- **GIVEN MATERIAL**:

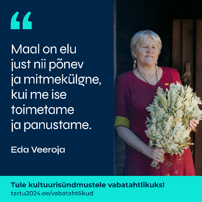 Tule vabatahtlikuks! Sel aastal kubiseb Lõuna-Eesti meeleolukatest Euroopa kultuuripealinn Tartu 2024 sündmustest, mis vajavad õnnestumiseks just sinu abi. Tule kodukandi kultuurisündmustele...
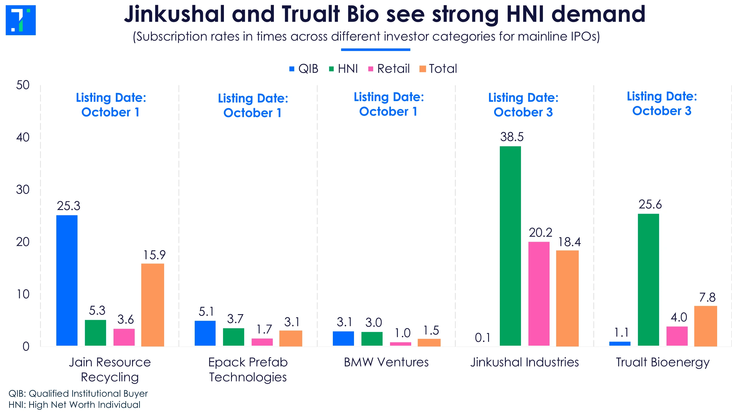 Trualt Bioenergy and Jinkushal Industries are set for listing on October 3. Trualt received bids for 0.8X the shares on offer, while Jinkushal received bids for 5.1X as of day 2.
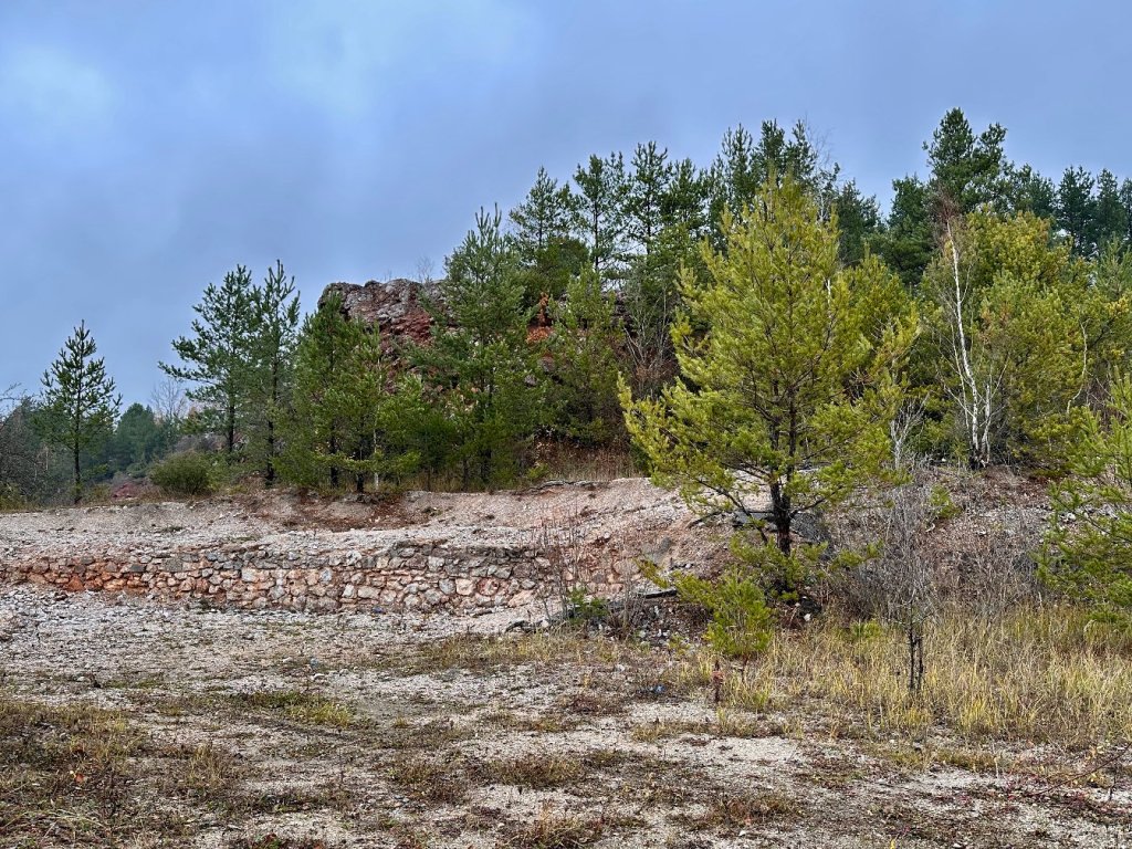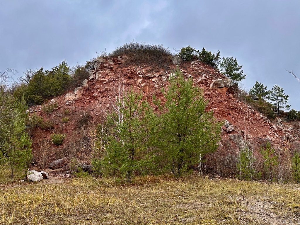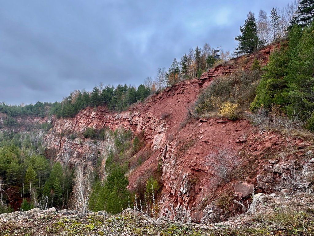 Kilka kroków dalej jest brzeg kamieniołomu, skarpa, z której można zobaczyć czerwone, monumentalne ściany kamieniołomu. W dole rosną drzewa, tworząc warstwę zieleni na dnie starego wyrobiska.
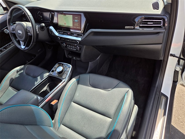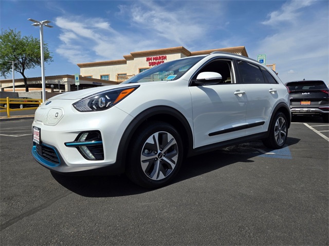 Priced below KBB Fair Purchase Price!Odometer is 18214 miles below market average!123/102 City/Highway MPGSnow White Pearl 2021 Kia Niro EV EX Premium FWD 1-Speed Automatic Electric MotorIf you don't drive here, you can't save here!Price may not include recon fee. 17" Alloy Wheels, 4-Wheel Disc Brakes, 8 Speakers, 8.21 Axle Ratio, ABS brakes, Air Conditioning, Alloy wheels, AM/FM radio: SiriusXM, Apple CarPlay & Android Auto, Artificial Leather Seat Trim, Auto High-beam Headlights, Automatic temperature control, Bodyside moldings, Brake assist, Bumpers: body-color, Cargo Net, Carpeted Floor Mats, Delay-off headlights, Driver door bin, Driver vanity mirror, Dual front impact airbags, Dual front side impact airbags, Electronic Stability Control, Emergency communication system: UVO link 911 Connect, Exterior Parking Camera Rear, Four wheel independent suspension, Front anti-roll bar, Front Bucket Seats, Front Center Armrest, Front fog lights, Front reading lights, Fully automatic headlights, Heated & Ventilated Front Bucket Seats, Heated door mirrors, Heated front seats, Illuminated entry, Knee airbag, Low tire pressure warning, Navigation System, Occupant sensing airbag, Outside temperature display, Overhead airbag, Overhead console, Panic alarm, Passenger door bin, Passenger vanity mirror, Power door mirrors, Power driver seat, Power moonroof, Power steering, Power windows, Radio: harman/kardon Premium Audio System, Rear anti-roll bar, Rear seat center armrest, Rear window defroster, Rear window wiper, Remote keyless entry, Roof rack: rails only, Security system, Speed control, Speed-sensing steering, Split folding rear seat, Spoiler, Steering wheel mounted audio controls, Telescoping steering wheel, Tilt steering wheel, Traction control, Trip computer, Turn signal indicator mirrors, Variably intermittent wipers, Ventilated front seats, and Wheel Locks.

- **AIM OF THE EXERCISE**: Working from the data above, repeat exactly, and only, the lines that begin at the line containing "Trualt Bioenergy and" and stop after the line containing "Kilka kroków dalej"; pictures are not copied.

- **WRITTEN ANSWER**:
 Trualt Bioenergy and Jinkushal Industries are set for listing on October 3. Trualt received bids for 0.8X the shares on offer, while Jinkushal received bids for 5.1X as of day 2.
 Kilka kroków dalej jest brzeg kamieniołomu, skarpa, z której można zobaczyć czerwone, monumentalne ściany kamieniołomu. W dole rosną drzewa, tworząc warstwę zieleni na dnie starego wyrobiska.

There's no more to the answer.